An Algerian court on Thursday sentenced 49 people to death for the 2021 lynching in Kabylia of a man wrongly accused of arson, but those sentences are expected to be commuted to life imprisonment due to a moratorium on executions, reported the official agency.
The defendants were found guilty of the lynching of Djamel Bensmaïl, an artist from Miliana who had volunteered in the village of Larbaa Nath Irathen, in Tizi Ouzou prefecture, to help put out forest fires that had killed 90 people in less than a week in August 2021.
If the death penalty is indeed provided for by the penal code in Algeria, it is no longer applied under a moratorium in force since 1993.

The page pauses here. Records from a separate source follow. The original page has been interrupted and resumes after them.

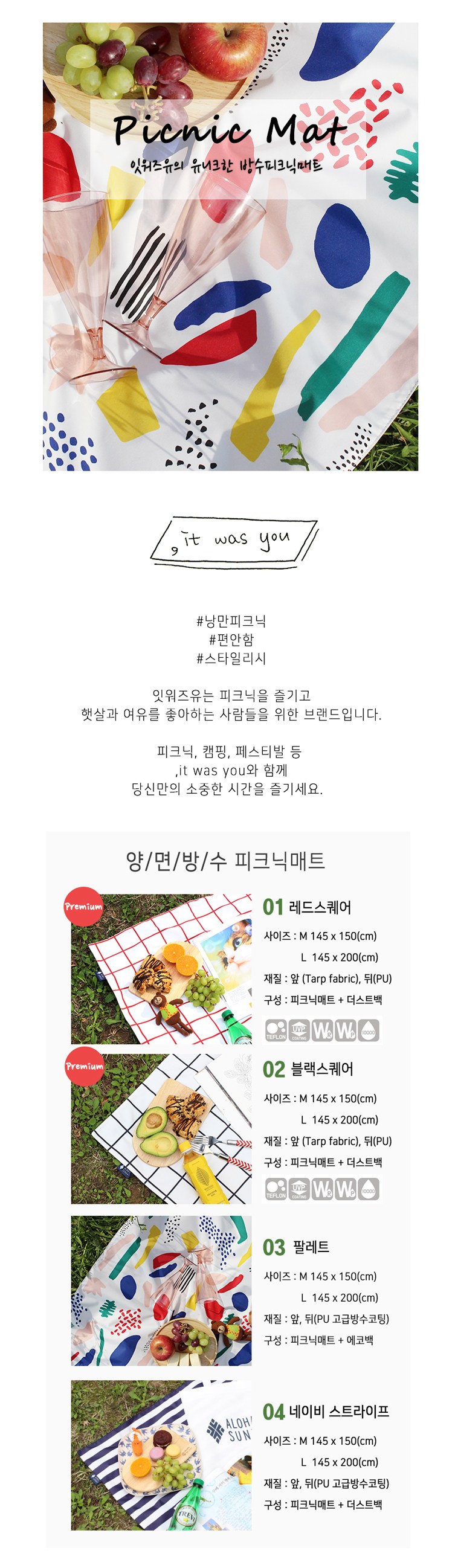 잇워즈유 양면방수 피크닉매트, 블랙스퀘어
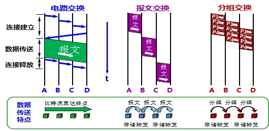 图3电路交换、报文交换和分组交换的主要区别
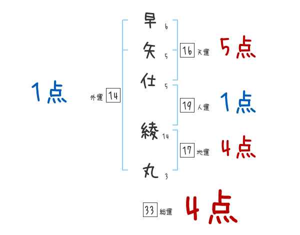 天運![]() | 早矢仕綾丸さんの天運は16画の5つ星!人望が厚く大きく発展する。逆転成功が見える。 家系が持つ宿命的な運勢を表します。祖先から受け継いだ苗字ですので自分の力が及びません。家柄を象徴します。 |
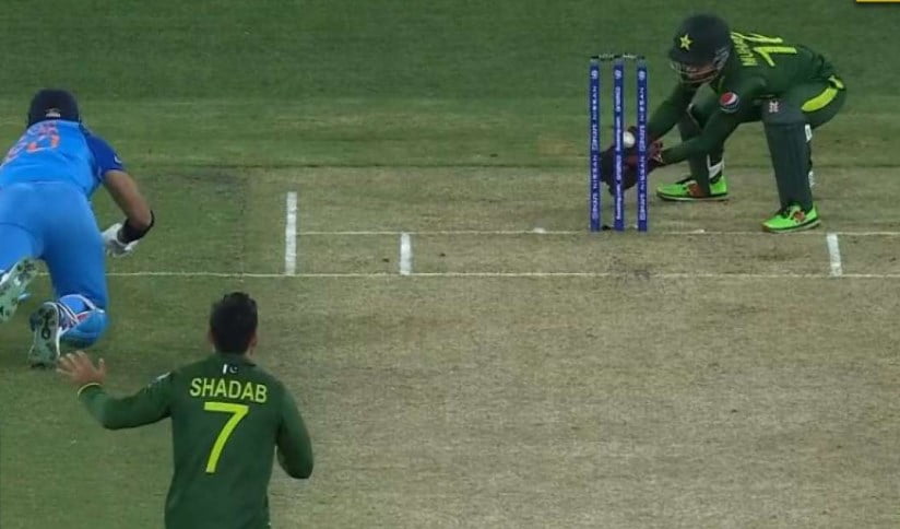 On the first ball of the 7th over, Axar Patel dabbed the ball towards midwicket and he was looking to steal a single but Virat Kohli sent in back after coming off half the pitch. On first look, it seemed like Mohammad Rizwan made a mess of the run-out as he fumbled to collect the throw from the skipper, Babar Azam.

The defendants, who appeared before the court of Dar El Beida, in the eastern suburbs of Algiers, were prosecuted in particular for “terrorist and subversive acts against the State and national unity” and “intentional homicide with premeditation”, according to the ‘charge.
Twenty-eight other defendants prosecuted in the context of this case were sentenced to terms ranging from two to ten years in prison and 17 others were acquitted.
After hearing that he was suspected of having started the fire in the forest, Djamel Bensmaïl, who was 38 years old, had surrendered to the police.
Images relayed by social networks had shown the crowd surrounding the police van and extricating the man from the vehicle after hitting him.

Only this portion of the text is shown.